There's another approach for table-less lookups that is slower than
slice-by-4 but faster than the Sarwate algorithm we currently use,
described in "Chi, M., He, D., & Liu, J. (2018). Fast Software-based
Table-less Algorithm for CRC Generation." You can do the polynomial
multiplication approach but manually execute it with 27 shifts and XORs:
uint32_t
crc32_update_no_xor_slice_by_4 (uint32_t crc, const char *buf)
{
uint32_t local_buf;
memcpy(&local_buf, buf, 4);
local_buf = le64toh(local_buf) ^ crc;
crc = local_buf ^ \
(local_buf << 6) ^ \
(local_buf << 9) ^ \
(local_buf << 10) ^ \
(local_buf << 12) ^ \
(local_buf << 16) ^ \
(local_buf << 24) ^ \
(local_buf << 25) ^ \
(local_buf << 26) ^ \
(local_buf << 28) ^ \
(local_buf << 29) ^ \
(local_buf << 30) ^ \
(local_buf << 31);
crc = crc ^ \
(crc >> 1) ^ \
(crc >> 2) ^ \
(crc >> 4) ^ \
(crc >> 5) ^ \
(crc >> 7) ^ \
(crc >> 8) ^ \
(crc >> 10) ^ \
(crc >> 11) ^ \
(crc >> 12) ^ \
(crc >> 16) ^ \
(crc >> 22) ^ \
(crc >> 23) ^ \
(crc >> 26);
return crc;
}
Is there a use case where we would need this? Either way it is faster than
the current implementation so it might be worth considering for platforms
that don't want slice-by-8.
Performance:
# single byte lookup (current)
$ gltests/bench-crc 1000000
real 7.502692
user 7.503
sys 0.000
# manual polynomial multiplication
$ gltests/bench-crc 1000000
real 6.627648
user 6.627
sys 0.000
So a 12% speedup on my machine, and would be a larger improvement with a
greater penalty for memory lookups vs.

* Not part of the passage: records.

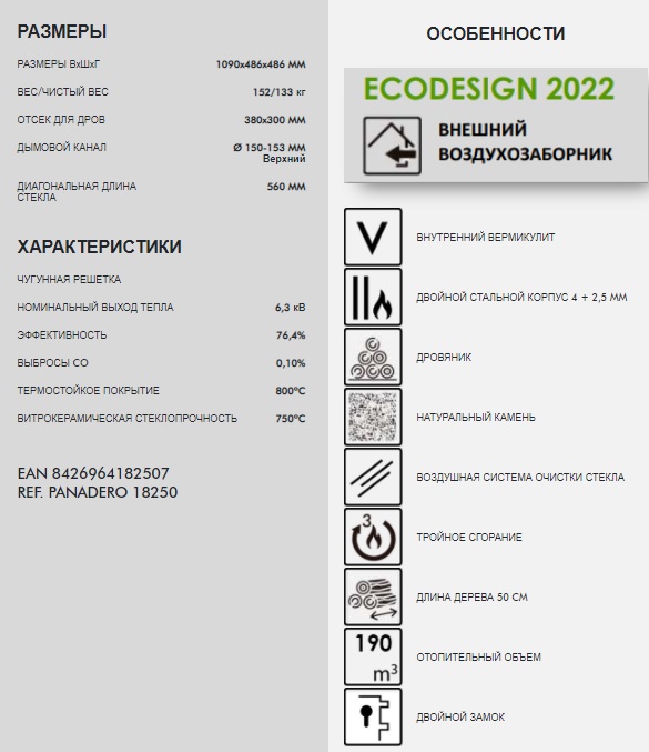 Особенности печи-камина Panadero Sydney:
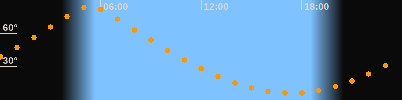 | Höchster Stand (Kulmination) | 05:21 Uhr (h = 84,5°) |
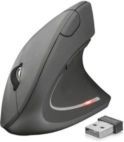 De Trust Verto draadlozee muis is gemaakt om vermoeidheid van armen en polsen te verminderen en je gedurende lange werkdagen het ultieme comfort te bieden. je hand blijft in een natuurlijke positie tijdens het gebruik van deze muis. Kies voor optimale controle en comfort! Dankzij zijn ergonomische ontwerp en comfortabele duimsteun, kun je moeiteloos uren lang thuis of op kantoor werken of studeren. De verticale indeling brengt je onderarm en pols in een natuurlijke positie, waardoor de spieren in je hand, pols en arm tot rust komen. De rubberen coating van deze muis zorgt ervoor dat je stevig grip houdt terwijl je langere perioden werkt. Belangrijkste kenmerken Werk lange perioden comfortabel door terwijl u arm- en polsklachten voorkomt Comfortabele duimsteun en rubberafwerking voor een perfecte grip Selectieknop voor snelheid (800/1200/1600 DPI) Opbergbare micro-USB-ontvanger 2 duimknoppen: Vorige/Volgende in uw browser Aan/uit-schakelaar.
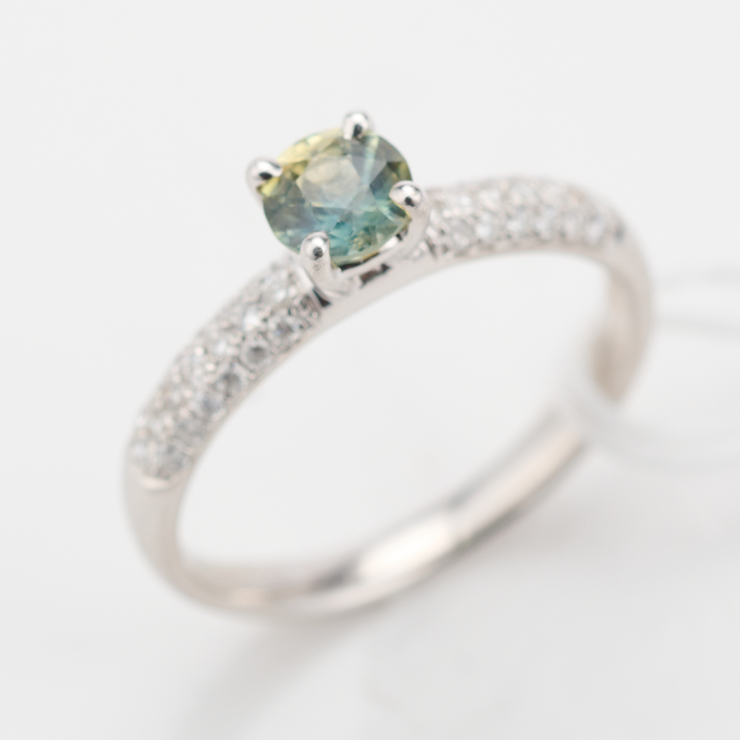 A PARTI SAPPHIRE AND DIAMOND RING IN 18CT WHITE GOLD, RING SIZE M/N, 2.7GMS

XOR/shift instructions
On Thu, 17 Oct 2024 at 09:33, Bruno Haible <[email protected]> wrote:
> Simon Josefsson wrote:
> > If we are splitting this module up into several, maybe it even make more
> > sense to have a 'crc-slice-by-8' module for that particular portable
> > optimization. I have one use-case (although not published so less
> > important) where the table size increase is a problem, and would prefer
> > to use the current smaller crc.c (or even better, a smaller one that
> > generate the tables on the fly, I forgot that it is possible).
>
> We use different modules for different functionality. (So, for example,
> CRC with a different polynomial could be a different module. Or it
> could be in the same module if most of the tables and code are the same.)
>
> For optimizations, we have other techniques available:
> - For optimizations that the package developer can enable:
> That package can invoke a particular Autoconf macro in its
> configure.ac.
> The effect of this macro is typically to initialize a configure-time
> variable.
> - For optimizations that the installer / distributor can enable:
> An --enable/--disable option, through AC_ARG_ENABLE.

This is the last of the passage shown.